Extracted entries —

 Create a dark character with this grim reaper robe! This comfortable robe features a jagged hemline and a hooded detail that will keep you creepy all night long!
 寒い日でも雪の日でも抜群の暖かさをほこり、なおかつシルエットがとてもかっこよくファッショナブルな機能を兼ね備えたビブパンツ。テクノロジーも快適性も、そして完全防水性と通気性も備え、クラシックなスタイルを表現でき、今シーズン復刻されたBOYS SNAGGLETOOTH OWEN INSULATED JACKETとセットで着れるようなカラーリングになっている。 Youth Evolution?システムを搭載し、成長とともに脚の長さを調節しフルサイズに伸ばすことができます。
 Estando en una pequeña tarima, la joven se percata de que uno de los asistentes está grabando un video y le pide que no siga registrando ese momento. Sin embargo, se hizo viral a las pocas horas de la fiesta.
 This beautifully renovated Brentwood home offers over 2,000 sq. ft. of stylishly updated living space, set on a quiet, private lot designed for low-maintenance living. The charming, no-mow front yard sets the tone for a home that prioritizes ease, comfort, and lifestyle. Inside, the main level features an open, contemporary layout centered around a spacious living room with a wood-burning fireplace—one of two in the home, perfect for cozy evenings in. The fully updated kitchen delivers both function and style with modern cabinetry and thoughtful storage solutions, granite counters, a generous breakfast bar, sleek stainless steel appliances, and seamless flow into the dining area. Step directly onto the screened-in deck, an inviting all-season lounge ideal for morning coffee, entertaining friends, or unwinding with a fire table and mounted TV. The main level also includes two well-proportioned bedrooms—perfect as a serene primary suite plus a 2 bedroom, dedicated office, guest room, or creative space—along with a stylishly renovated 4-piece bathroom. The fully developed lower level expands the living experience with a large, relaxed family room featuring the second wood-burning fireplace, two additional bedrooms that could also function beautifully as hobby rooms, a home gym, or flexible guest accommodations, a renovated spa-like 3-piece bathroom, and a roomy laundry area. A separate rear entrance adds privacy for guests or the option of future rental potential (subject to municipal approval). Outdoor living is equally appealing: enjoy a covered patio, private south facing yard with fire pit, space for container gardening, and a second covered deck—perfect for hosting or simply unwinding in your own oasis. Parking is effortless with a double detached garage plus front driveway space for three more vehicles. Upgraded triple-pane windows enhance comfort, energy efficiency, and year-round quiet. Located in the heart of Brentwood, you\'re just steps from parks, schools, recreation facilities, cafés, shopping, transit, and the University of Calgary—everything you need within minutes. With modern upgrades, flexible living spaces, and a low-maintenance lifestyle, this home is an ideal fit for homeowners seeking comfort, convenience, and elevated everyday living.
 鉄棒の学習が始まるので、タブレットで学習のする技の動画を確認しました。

What you should do —
All of the records need to be returned exactly as they are.

Reply to the task —
 Create a dark character with this grim reaper robe! This comfortable robe features a jagged hemline and a hooded detail that will keep you creepy all night long!
 寒い日でも雪の日でも抜群の暖かさをほこり、なおかつシルエットがとてもかっこよくファッショナブルな機能を兼ね備えたビブパンツ。テクノロジーも快適性も、そして完全防水性と通気性も備え、クラシックなスタイルを表現でき、今シーズン復刻されたBOYS SNAGGLETOOTH OWEN INSULATED JACKETとセットで着れるようなカラーリングになっている。 Youth Evolution?システムを搭載し、成長とともに脚の長さを調節しフルサイズに伸ばすことができます。
 Estando en una pequeña tarima, la joven se percata de que uno de los asistentes está grabando un video y le pide que no siga registrando ese momento. Sin embargo, se hizo viral a las pocas horas de la fiesta.
 This beautifully renovated Brentwood home offers over 2,000 sq. ft. of stylishly updated living space, set on a quiet, private lot designed for low-maintenance living. The charming, no-mow front yard sets the tone for a home that prioritizes ease, comfort, and lifestyle. Inside, the main level features an open, contemporary layout centered around a spacious living room with a wood-burning fireplace—one of two in the home, perfect for cozy evenings in. The fully updated kitchen delivers both function and style with modern cabinetry and thoughtful storage solutions, granite counters, a generous breakfast bar, sleek stainless steel appliances, and seamless flow into the dining area. Step directly onto the screened-in deck, an inviting all-season lounge ideal for morning coffee, entertaining friends, or unwinding with a fire table and mounted TV. The main level also includes two well-proportioned bedrooms—perfect as a serene primary suite plus a 2 bedroom, dedicated office, guest room, or creative space—along with a stylishly renovated 4-piece bathroom. The fully developed lower level expands the living experience with a large, relaxed family room featuring the second wood-burning fireplace, two additional bedrooms that could also function beautifully as hobby rooms, a home gym, or flexible guest accommodations, a renovated spa-like 3-piece bathroom, and a roomy laundry area. A separate rear entrance adds privacy for guests or the option of future rental potential (subject to municipal approval). Outdoor living is equally appealing: enjoy a covered patio, private south facing yard with fire pit, space for container gardening, and a second covered deck—perfect for hosting or simply unwinding in your own oasis. Parking is effortless with a double detached garage plus front driveway space for three more vehicles. Upgraded triple-pane windows enhance comfort, energy efficiency, and year-round quiet. Located in the heart of Brentwood, you\'re just steps from parks, schools, recreation facilities, cafés, shopping, transit, and the University of Calgary—everything you need within minutes. With modern upgrades, flexible living spaces, and a low-maintenance lifestyle, this home is an ideal fit for homeowners seeking comfort, convenience, and elevated everyday living.
 鉄棒の学習が始まるので、タブレットで学習のする技の動画を確認しました。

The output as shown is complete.